Figure 6. Blood concentration–time profile of sirolimus in rats after the oral administration of raw sirolimus and sirolimus-loaded TPGS micelles.

Polymeric micelles may positively influence drug absorption in a number of ways, including improving the drug solubilization and the membrane permeability in the gastrointestinal tract and inhibiting efflux transporters, such as P-glycoprotein (P-gp) (Gaucher et al. 2010). It is well known that TPGS acts as a P-glycoprotein inhibitor. However, it has been previously reported that the co-administration of TPGS with a commercial sirolimus oral solution (1 mg/mL) does not change the bioavailability of sirolimus in rats (Wacher et al. 2002). In this study, the enhancement in the absorption of sirolimus that was observed with the sirolimus-loaded TPGS micelles could be attributed to the increased solubility of sirolimus, which is typically considered a BCS class II drug (i.e., low solubility-high permeability). According to the BCS guidelines, this solubility is enhanced in TPGS and the nano-scale size of the micelles would make the micelles adhere to the intestinal mucosal epithelial, which would result in a longer absorption time (Zhang et al. 2010).

Conclusion

TPGS significantly improved the solubility and stability of sirolimus through micelle solubilization. The concentration of sirolimus in a 50 mg/mL TPGS micellar solution was 0.97 ± 0.12 mg/mL, which shows an approximately 400-fold enhancement over its solubility in water. Furthermore, pharmacokinetic studies in rats indicated that the TPGS micellar solution significantly improved the oral absorption of sirolimus. Therefore, the preliminary results from this study suggest that sirolimus-loaded TPGS micellar solutions have great potential for clinical application.

Declaration of interest

The authors report no conflicts of interest. The authors alone are responsible for the content and writing of the paper.

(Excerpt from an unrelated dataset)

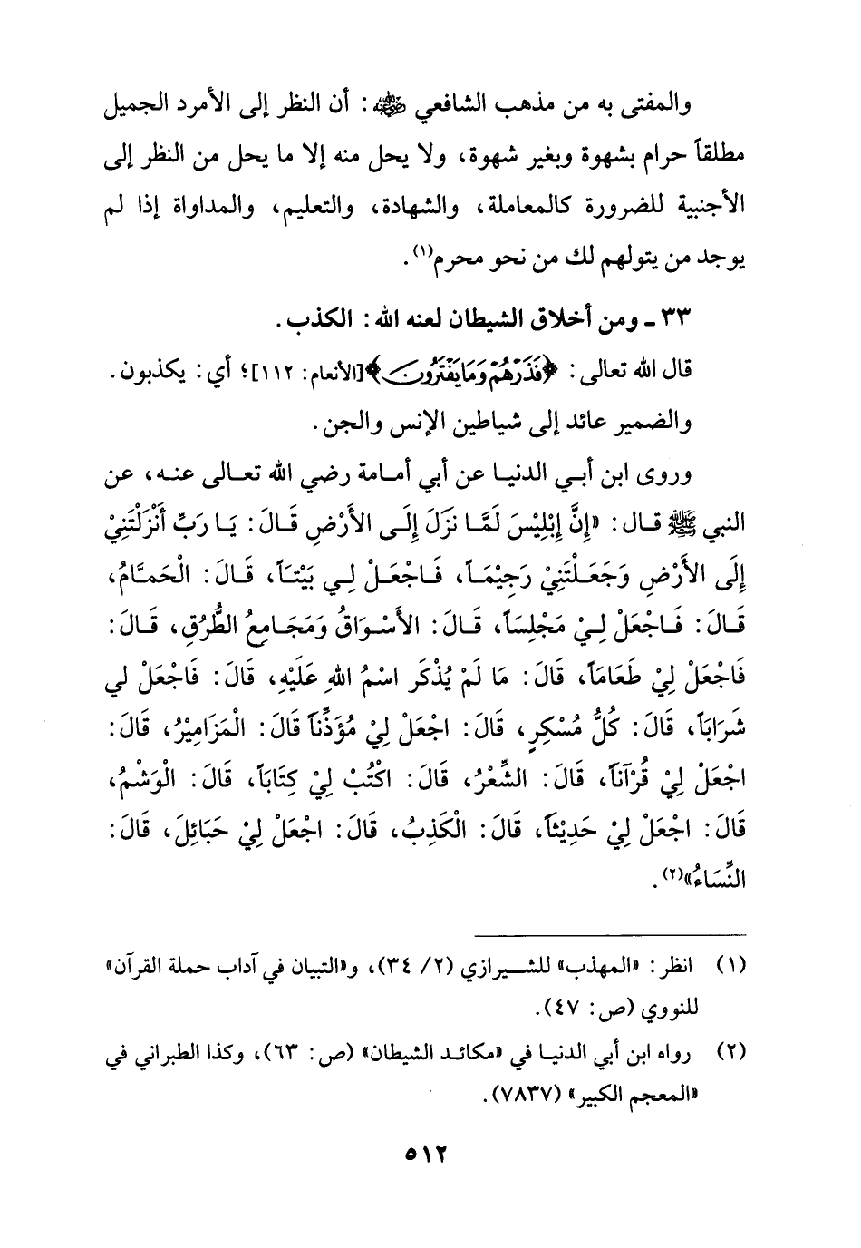 33 - ومن أخلاق الشيطان لعنه الله: الكذب.

This work was supported by the Priority Research Centers Program of the National Research Foundation of Korea (NRF), which is funded by the Ministry of Education, Science and Technology (2009-0093815), and by a grant from the Korea Healthcare Technology R&D Project of the Ministry for Health, Welfare and Family Affairs in the Republic of Korea (A080470).